Further, the complaint must "give the defendant fair notice of what the plaintiff's claim is and the grounds upon which it rests." Conley v. Gibson, 355 U.S. 41, 47, 78 S.Ct. 99, 2 L.Ed.2d 80 (1957) (abrogated on different grounds by Twombly, 127 S.Ct. 1955). In application, a "complaint must contain either direct or inferential allegations respecting all the material elements to sustain a recovery under some viable legal theory." Lillard, 76 F.3d at 726 (citation omitted). A court cannot grant a motion to dismiss under Rule 12(b)(6) based upon its disbelief of a complaint's factual allegations. Wright v. MetroHealth Med. Ctr., 58 F.3d 1130, 1138 (6th Cir. 1995).
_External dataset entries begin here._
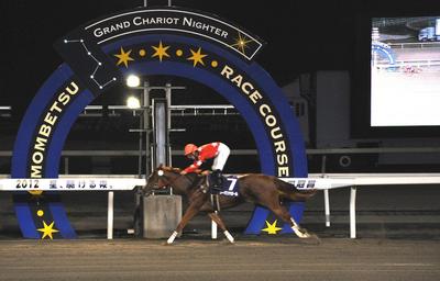 本日6月28日(木)、門別競馬場では日本一早い2歳重賞、TVh杯第37回栄冠賞(H2)〔シンボリクリスエス賞〕が行われ、五十嵐冬樹騎手騎乗の単勝3番人気シーギリヤガール号が、2着アウトジェネラル号に2馬身差をつけて優勝しました(タイム1.14.1)。管理する齊藤 正弘調教師は開業2年目にして、重賞初出走・初制覇。同馬は、これで上級認定競走を優勝し、7月14日(土)JRA函館2歳ステークス(GⅢ)の出走資格を満たしました。
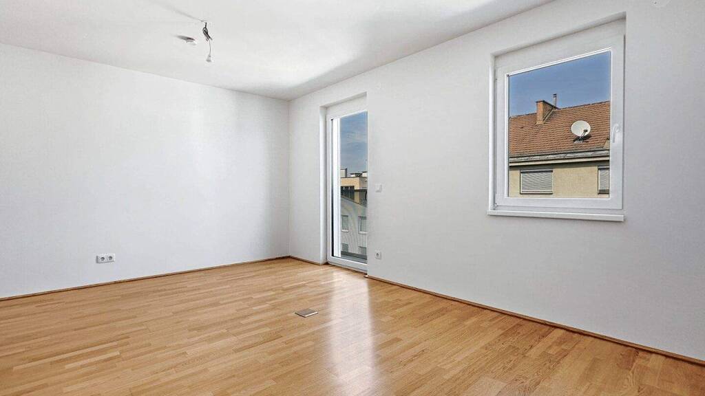 Die Wohnung verfügt über einen funktionalen Vorraum, der in das Badezimmer mit Badewanne, WC und Waschmaschinenanschluss führt. Die rund 21 m² große Wohnküche ist effizient geschnitten und ermöglicht eine flexible Nutzung des Wohnraums.
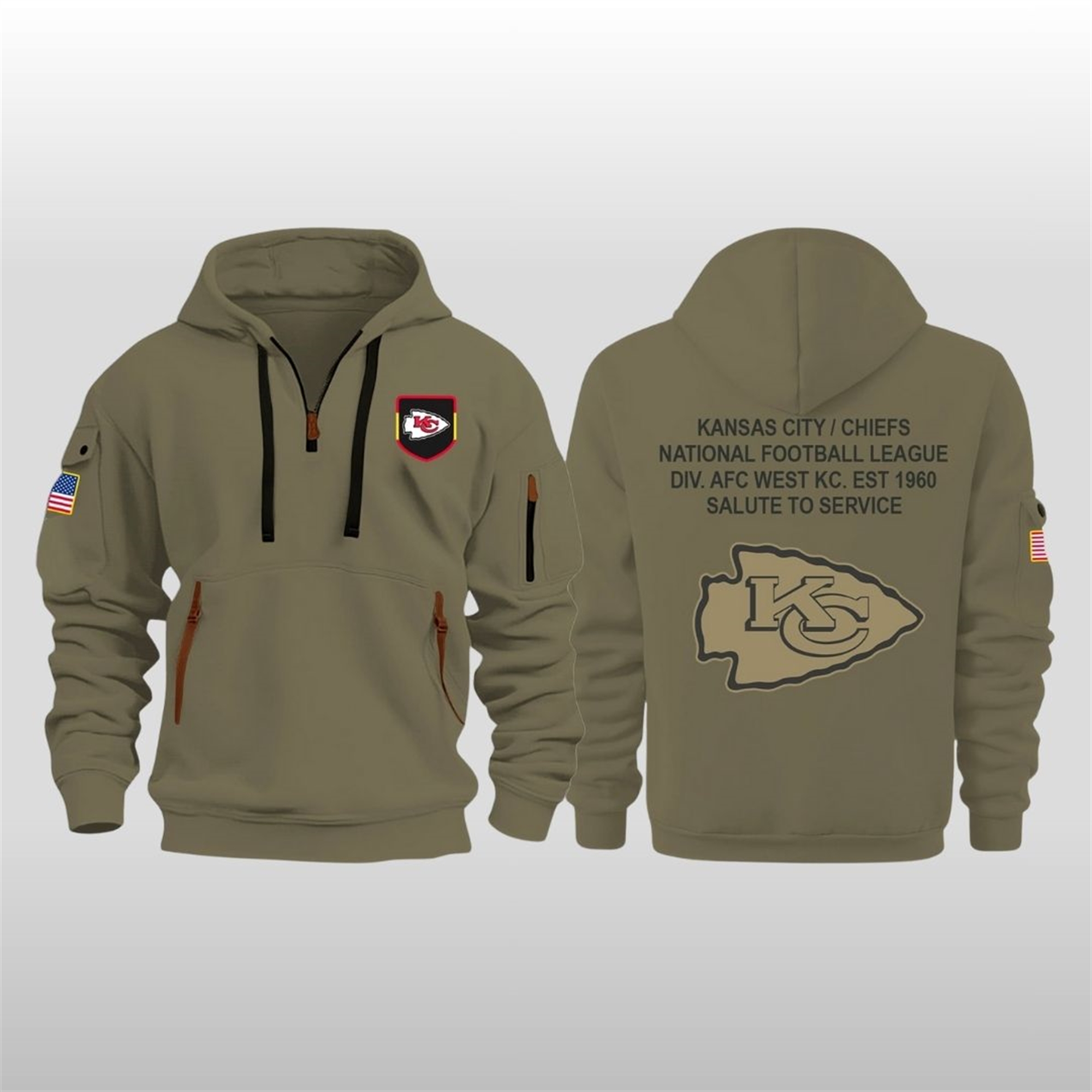 The 2025 Kansas City Chiefs Salute to Service Hoodie is more than just cold-weather gear; it’s a bold statement of support and team pride. Crafted in a rugged, military-inspired olive drab (or “khaki”) color, this pullover features a modern, tactical look.
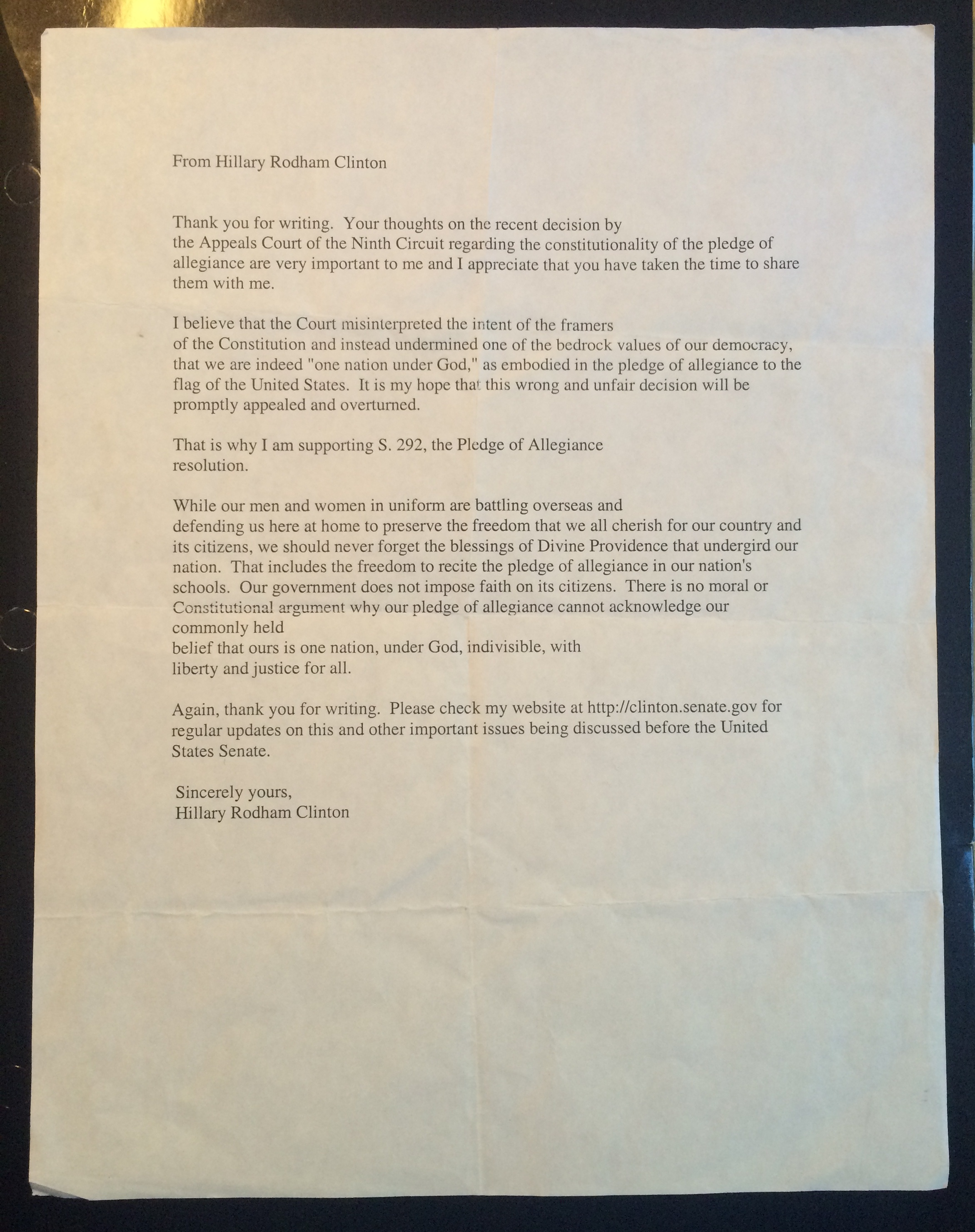 The words “under God” in the Pledge of Allegiance are opposed by some liberals, who consider it an establishment of religion contrary to the First Amendment. Clinton however opposes removing the words from the pledge, as do most Americans.
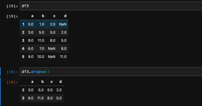 当然只是发现是否是空值肯定是不够的,我们有时候会希望不要空值的出现,这个时候我们可以选择drop掉空值。针对这种情况,我们可以使用DataFrame当中的dropna方法。
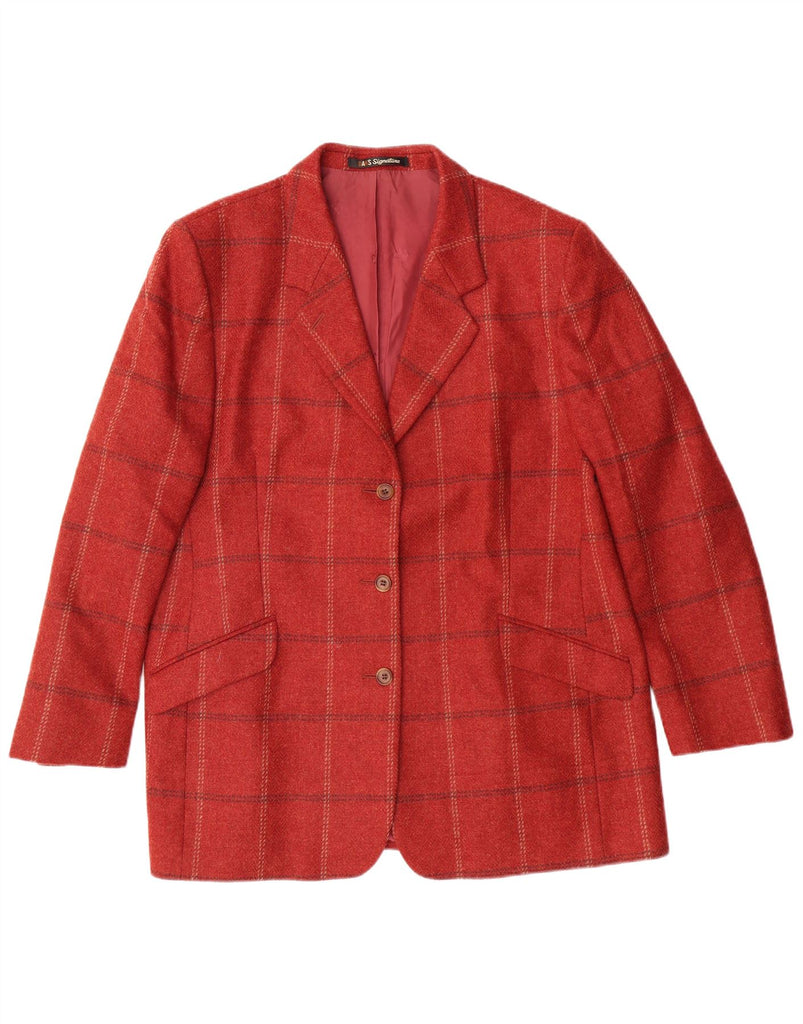 Jaqueta blazer feminina DAKS com 3 botões Reino Unido 18 XL Borgonha xadrez nova lã
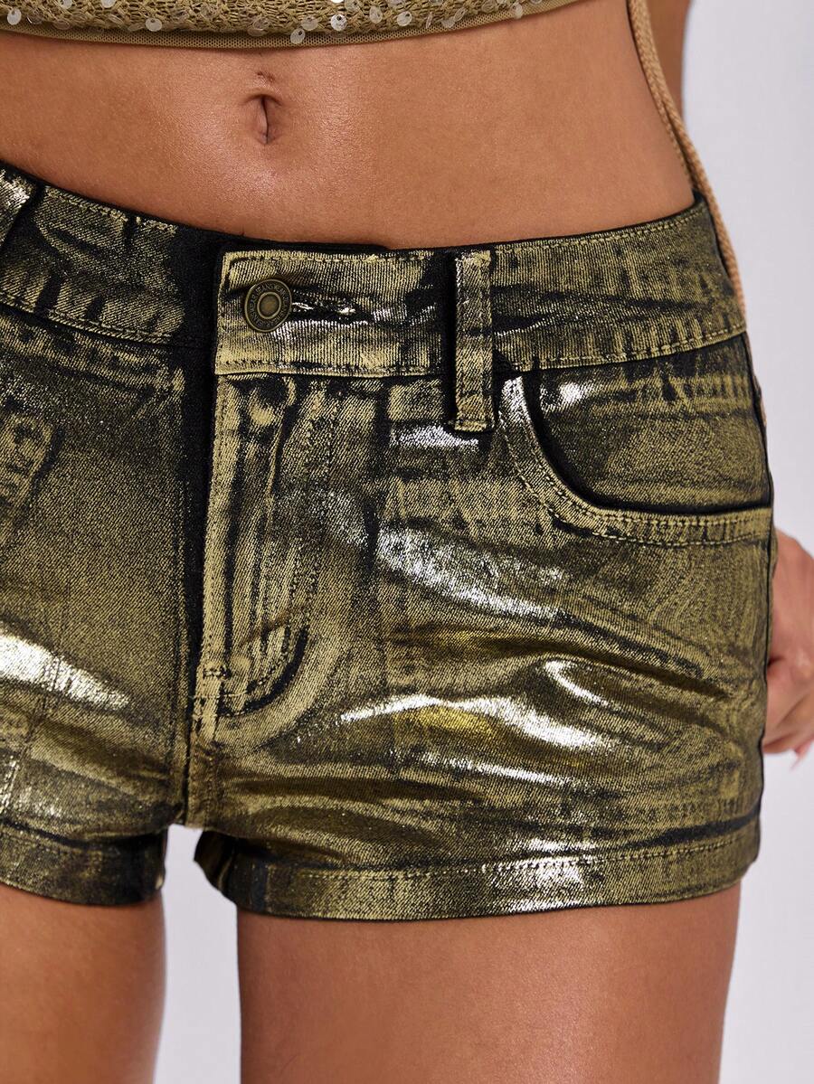 Shorts di jeans mini vita bassissima con dettagli in lamina d'oro, stile Y2K baddie alla moda per donne
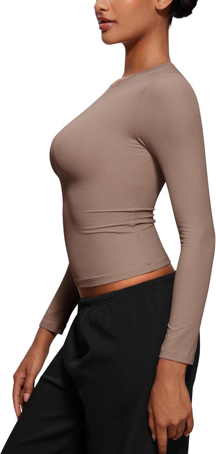 CRZ YOGA Softembrace Crewneck Long Sleeve Shirts for Women – Casual Going Out Tops Soft Basic Fitted Tight Fall T-Shirts(Mojave Tan)
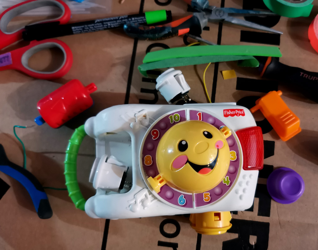 I made a game with small leftover toys such as this baby camera. / CC BY Niklas Roy & Kati Hyyppä
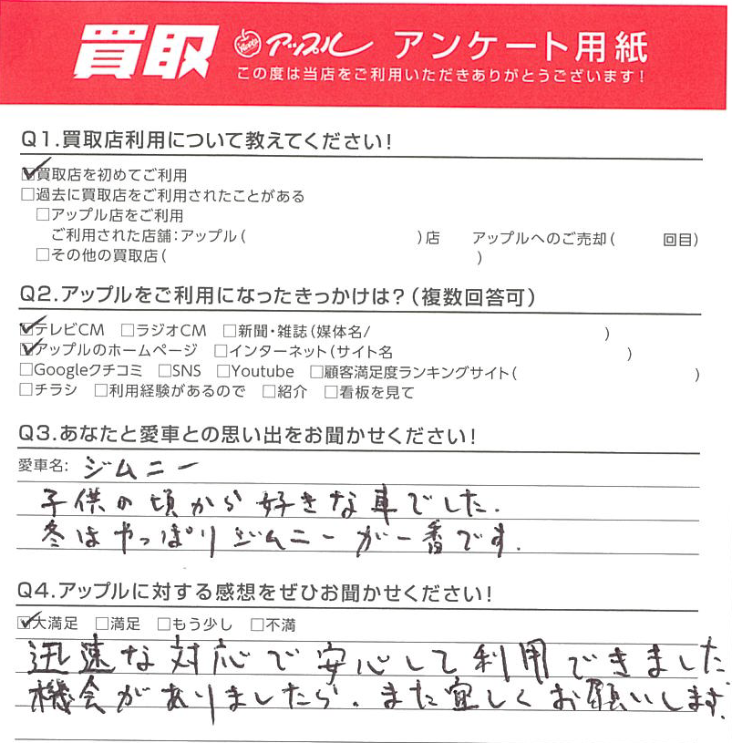 秋田県 匿名様 車名:スズキ ジムニー
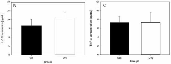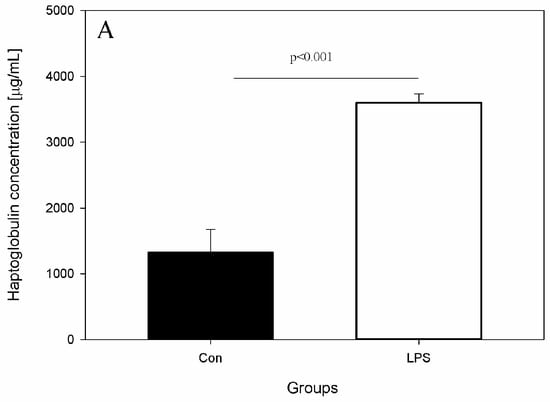 Concentrations of acute phase protein and cytokines in the peripheral blood in the control group (Con), which received saline, and in the treatment group (LPS), which received LPS from S. Enteritidis at a dose of 5 μg/kg b.w.; n = 5 pigs/group. Bars represent mean ± SD (standard deviation). The statistical analysis was performed by one-way analysis of variance (ANOVA) and Tukey’s tests. (A) Serum concentrations of haptoglobin (Hp). The result was statistically different at p < 0.001 as compared with the control group (B) Serum concentrations of interleukin-6 (IL-6). The result was not statistically significant. (C) Serum concentrations of tumour necrosis factor α (TNF-α). The result was not statistically significant.
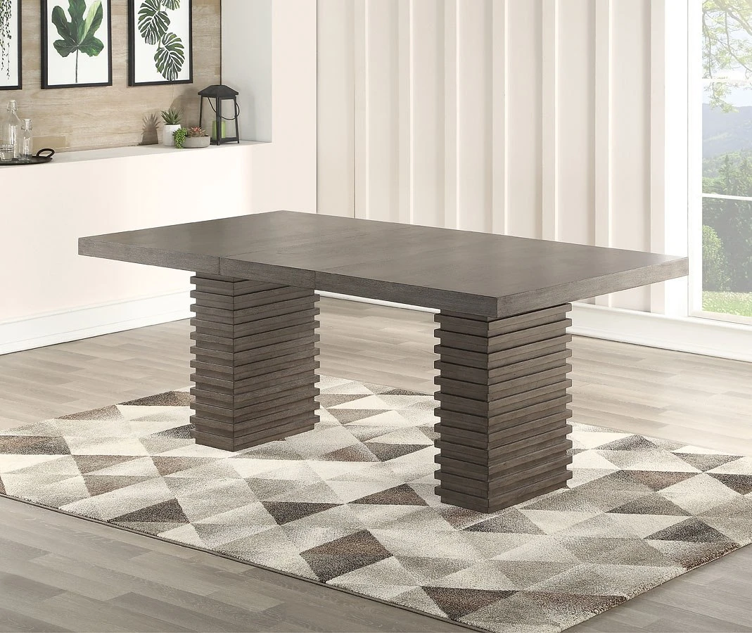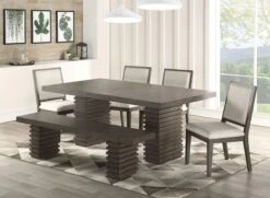 - OverviewEntertain your family and friends with the bold contemporary styling of Mila Dining Room Collection by Steve Silver Furniture. A fashion-forward washed grey finish over hardwood solids and ash veneers pairs beautifully with the modern trestle table and beige polyester back side chair.
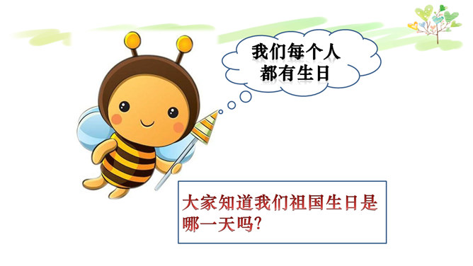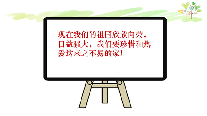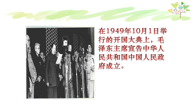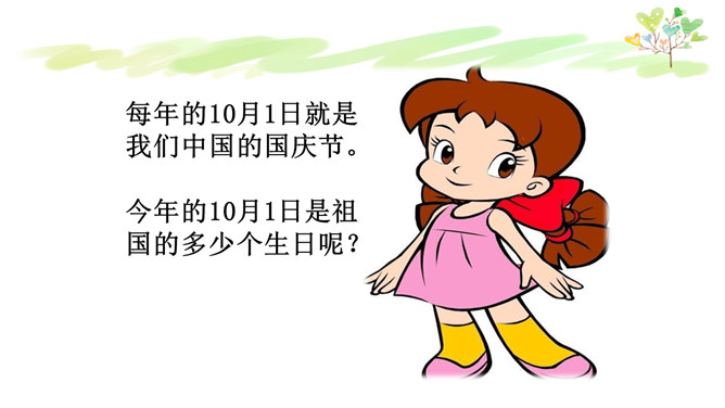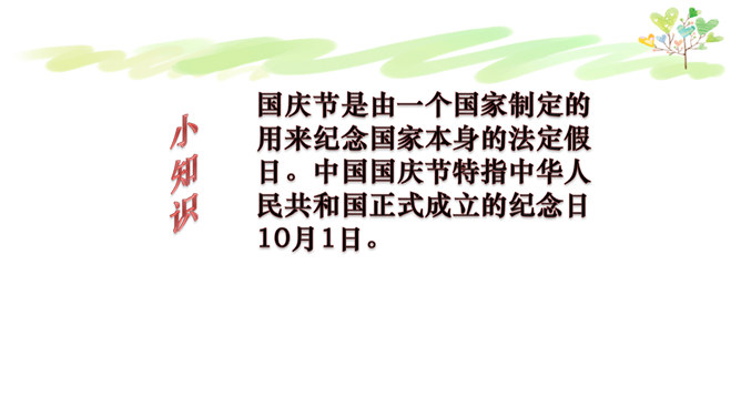 我们每个人都有生日,大家知道我们祖国生日是哪一天吗?在1949年10月1日举行的开国大典上,毛泽东主席宣告中华人民共和国中国人民政府成立。国庆节是由一个国家制定的用来纪念国家本身的法定假日。中国国庆节特指中华人民共和国正式成立的纪念日10月1日。每年的10月1日就是我们中国的国庆节。今年的10月1日是祖国的多少个生日呢?新中国的成立经历了血雨腥风,经历了万重艰辛,其中数以万计的中国儿女为此付出了鲜活的生命。新中国来之不易,说一说你所知道的英雄故事。所属专题:欢欢喜喜庆国庆ppt。

Defendants also move for summary judgment pursuant to Federal Rule of Civil Procedure 56(b), which states that "[a] party against whom a claim, counterclaim, or cross-claim is asserted or a declaratory judgment is sought may, at any time, move without or without supporting affidavits for a summary judgment in the party's favor as to all or any part thereof." Summary judgment is appropriate where "the pleadings, depositions, answers to interrogatories, and admissions on file, together with the affidavits, if any, show that there is no genuine issue as to any material fact and that the moving party is entitled to a judgment as a matter of law." Fed.R.Civ.P. 56(c). In deciding a motion for summary judgment, the court must view the evidence and draw all reasonable inferences in favor of the non-movant. See Matsushita Electric Industrial Co., Ltd. et al. v. Zenith Radio Corp., et. al., 475 U.S. 547, 587, 106 S.Ct. 1348, 1356 (1986); see also B.F. Goodrich Co. v. U.S. Filter Corp., 245 F.3d 587, 591-92 (6th Cir. 2001). The moving party bears the initial burden of demonstrating the absence of a genuine issue of material fact. Once the moving party has carried his burden, the party opposing the motion "must come forward with specific facts showing that there is a genuine issue for trial."Matsushita, 475 U.S. at 587, 106 S.Ct. 1348. The opposing party cannot merely rest upon the allegations contained in his pleadings. Rather, he must submit evidence demonstrating that material issues of fact exist. Banks v. Wolfe County Bd. of Educ., 330 F.3d 888, 892 (6th Cir. 2003); Fed.R.Civ.P. 56(e). "Where the record taken as a whole could not lead a rational trier of fact to find for the non-moving party, there is no 'genuine issue for trial.'" Matsushita, 475 U.S. at 587, 106 S.Ct. 1348 (quoting First National Bank of Arizona v. Cities Service Co., 391 U.S. 253, 289, 88 S.Ct. 1575, 1592 (1968)).

IV. Discussion

1. Exhaustion of Administrative Remedies

A. CMS, Hutchinson, and Kakani's Motion

Pursuant to the Prison Litigation Reform Act of 1995 (PLRA), 110 Stat. 1321-71, as amended 42 U.S.C. §§ 1997e et seq., "[n]o action shall be brought with respect to prison conditions under section 1983 of this title, or any other Federal law, by a prisoner confined in any jail, prison, or other correctional facility until such administrative remedies as are available are exhausted." 42 U.S.C. § 1997e(a). Accordingly, exhaustion of available administrative remedies is mandatory in order for prisoners to bring a claim in federal court. Jones v. Bock, ___ U.S. ___, ___, 127 S.Ct. 910, 914, 166 L.Ed.2d 798 (2007);Woodford v. Ngo, ___ U.S. ___, ___, 126 S.Ct. 2378, 2383, 165 L.Ed.2d 368 (2006). Not only must the prisoner exhaust all available remedies but such exhaustion must be proper, including "compliance with an agency's deadlines and other critical procedural rules." Woodford, 126 S.Ct. at 2386 (holding that an inmate's exhaustion must be in compliance with applicable grievance procedures, specifically deadlines, because "no adjudicative system can function effectively without imposing some orderly structure on the course of its proceedings"). The Supreme Court defines proper exhaustion as "using all steps that the agency holds out, and doing so properly (so that the agency addresses the issues on the merits)." Woodford, 126 S.Ct. at 2385 (quoting Pozo v. McCaughtry, 286 F.3d 1022, 1024 (7th Cir. 2002)) (emphasis in original).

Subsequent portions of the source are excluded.